Congress, his authority is at its maximum, for it includes all that he possesses in
his own right plus all that Congress can delegate. In these circumstances, and in
these only, may he be said (for what it may be worth) to personify the federal
sovereignty. If his act is held unconstitutional under these circumstances, it usually
means that the Federal Government, as an undivided whole, lacks power. A
seizure executed by the President pursuant to an Act of Congress would be
supported by the strongest of presumptions and the widest latitude of judicial
interpretation, and the burden of persuasion would rest heavily upon any who
might attack it.
2. When the President acts in absence of either a congressional grant or denial of
authority, he can only rely upon his own independent powers, but there is a zone
of twilight in which he and Congress may have concurrent authority, or in which
its distribution is uncertain.
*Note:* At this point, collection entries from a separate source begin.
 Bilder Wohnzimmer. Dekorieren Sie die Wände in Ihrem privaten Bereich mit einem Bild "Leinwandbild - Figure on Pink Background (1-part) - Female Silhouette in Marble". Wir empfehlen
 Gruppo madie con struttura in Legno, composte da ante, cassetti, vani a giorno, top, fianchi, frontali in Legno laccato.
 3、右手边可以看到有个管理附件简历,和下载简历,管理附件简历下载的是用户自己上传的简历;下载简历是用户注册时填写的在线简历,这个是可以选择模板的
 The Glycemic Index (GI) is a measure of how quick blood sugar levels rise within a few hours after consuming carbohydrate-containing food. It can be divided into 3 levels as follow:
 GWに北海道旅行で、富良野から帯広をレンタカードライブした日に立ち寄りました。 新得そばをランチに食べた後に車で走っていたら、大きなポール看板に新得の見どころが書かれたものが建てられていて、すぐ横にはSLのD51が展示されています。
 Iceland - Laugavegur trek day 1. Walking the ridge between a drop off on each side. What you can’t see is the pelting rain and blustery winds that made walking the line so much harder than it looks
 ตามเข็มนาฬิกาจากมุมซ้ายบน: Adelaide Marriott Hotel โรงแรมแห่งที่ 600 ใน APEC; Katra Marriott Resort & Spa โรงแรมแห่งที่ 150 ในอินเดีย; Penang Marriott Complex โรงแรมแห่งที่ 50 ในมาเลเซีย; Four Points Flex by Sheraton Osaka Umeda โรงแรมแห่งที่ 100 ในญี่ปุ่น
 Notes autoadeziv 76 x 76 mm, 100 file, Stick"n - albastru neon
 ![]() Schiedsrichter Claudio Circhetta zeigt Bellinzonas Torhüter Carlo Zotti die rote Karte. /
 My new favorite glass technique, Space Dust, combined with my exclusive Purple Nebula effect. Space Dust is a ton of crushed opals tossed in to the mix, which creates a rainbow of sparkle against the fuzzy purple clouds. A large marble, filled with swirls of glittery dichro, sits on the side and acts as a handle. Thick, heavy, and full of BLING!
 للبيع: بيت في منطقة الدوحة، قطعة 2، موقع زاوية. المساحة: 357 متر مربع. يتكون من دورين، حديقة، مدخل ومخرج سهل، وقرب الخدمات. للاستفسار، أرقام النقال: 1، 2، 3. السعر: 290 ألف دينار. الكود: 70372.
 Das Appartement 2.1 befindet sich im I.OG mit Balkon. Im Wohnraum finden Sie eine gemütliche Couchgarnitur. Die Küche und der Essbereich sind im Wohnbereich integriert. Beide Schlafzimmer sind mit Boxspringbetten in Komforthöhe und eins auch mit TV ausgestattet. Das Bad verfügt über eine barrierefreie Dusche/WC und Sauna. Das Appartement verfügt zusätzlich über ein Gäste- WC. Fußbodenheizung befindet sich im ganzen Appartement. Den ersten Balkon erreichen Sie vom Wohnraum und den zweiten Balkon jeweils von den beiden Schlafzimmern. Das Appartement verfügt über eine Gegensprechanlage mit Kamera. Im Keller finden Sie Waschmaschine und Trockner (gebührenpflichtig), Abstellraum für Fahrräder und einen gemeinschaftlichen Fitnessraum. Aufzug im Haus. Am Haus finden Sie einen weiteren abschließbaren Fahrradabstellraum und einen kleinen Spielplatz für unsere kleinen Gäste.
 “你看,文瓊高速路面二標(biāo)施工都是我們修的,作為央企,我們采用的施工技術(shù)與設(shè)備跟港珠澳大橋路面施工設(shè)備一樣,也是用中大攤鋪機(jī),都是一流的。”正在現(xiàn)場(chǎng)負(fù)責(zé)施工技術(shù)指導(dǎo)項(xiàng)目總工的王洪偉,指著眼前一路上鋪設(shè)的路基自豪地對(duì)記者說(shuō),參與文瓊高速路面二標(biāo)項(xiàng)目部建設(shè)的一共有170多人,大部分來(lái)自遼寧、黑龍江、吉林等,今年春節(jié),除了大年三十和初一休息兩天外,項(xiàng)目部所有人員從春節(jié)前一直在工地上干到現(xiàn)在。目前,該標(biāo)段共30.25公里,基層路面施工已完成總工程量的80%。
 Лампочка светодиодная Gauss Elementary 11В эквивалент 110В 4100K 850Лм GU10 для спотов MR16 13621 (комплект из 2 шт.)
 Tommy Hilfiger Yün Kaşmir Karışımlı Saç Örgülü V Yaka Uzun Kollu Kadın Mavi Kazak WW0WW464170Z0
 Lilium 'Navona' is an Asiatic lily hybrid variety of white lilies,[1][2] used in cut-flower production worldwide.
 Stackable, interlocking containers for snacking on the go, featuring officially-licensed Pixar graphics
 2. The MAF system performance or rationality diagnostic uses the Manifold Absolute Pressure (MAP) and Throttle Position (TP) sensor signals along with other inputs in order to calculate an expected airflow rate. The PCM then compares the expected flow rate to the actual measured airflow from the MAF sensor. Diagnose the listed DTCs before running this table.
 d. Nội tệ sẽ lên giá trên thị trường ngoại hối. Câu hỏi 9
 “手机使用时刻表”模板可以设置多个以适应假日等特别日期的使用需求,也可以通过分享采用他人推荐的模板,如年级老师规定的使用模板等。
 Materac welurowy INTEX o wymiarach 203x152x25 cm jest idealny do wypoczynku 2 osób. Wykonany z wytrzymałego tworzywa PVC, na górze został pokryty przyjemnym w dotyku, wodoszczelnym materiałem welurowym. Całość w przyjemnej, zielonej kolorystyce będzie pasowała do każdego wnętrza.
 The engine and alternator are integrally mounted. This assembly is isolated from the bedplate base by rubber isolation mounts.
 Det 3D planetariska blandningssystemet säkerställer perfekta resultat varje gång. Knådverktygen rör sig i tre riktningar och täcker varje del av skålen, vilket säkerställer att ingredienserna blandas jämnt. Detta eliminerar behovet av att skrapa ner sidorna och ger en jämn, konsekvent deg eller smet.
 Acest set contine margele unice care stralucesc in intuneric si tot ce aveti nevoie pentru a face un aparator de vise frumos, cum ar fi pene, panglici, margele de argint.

Therefore, congressional inertia, indifference or
quiescence may sometimes, at least, as a practical matter, enable, if not invite,
measures on independent presidential responsibility. In this area, any actual test of
power is likely to depend on the imperatives of events and contemporary
imponderables, rather than on abstract theories of law.
3. When the President takes measures incompatible with the expressed or implied
will of Congress, his power is at its lowest ebb, for then he can rely only upon his
own constitutional powers minus any constitutional powers of Congress over the
matter. Courts can sustain exclusive presidential control in such a case only by
disabling the Congress from acting upon the subject. Presidential claim to a power
at once so conclusive and preclusive must be scrutinized with caution, for what is
at stake is the equilibrium established by our constitutional system.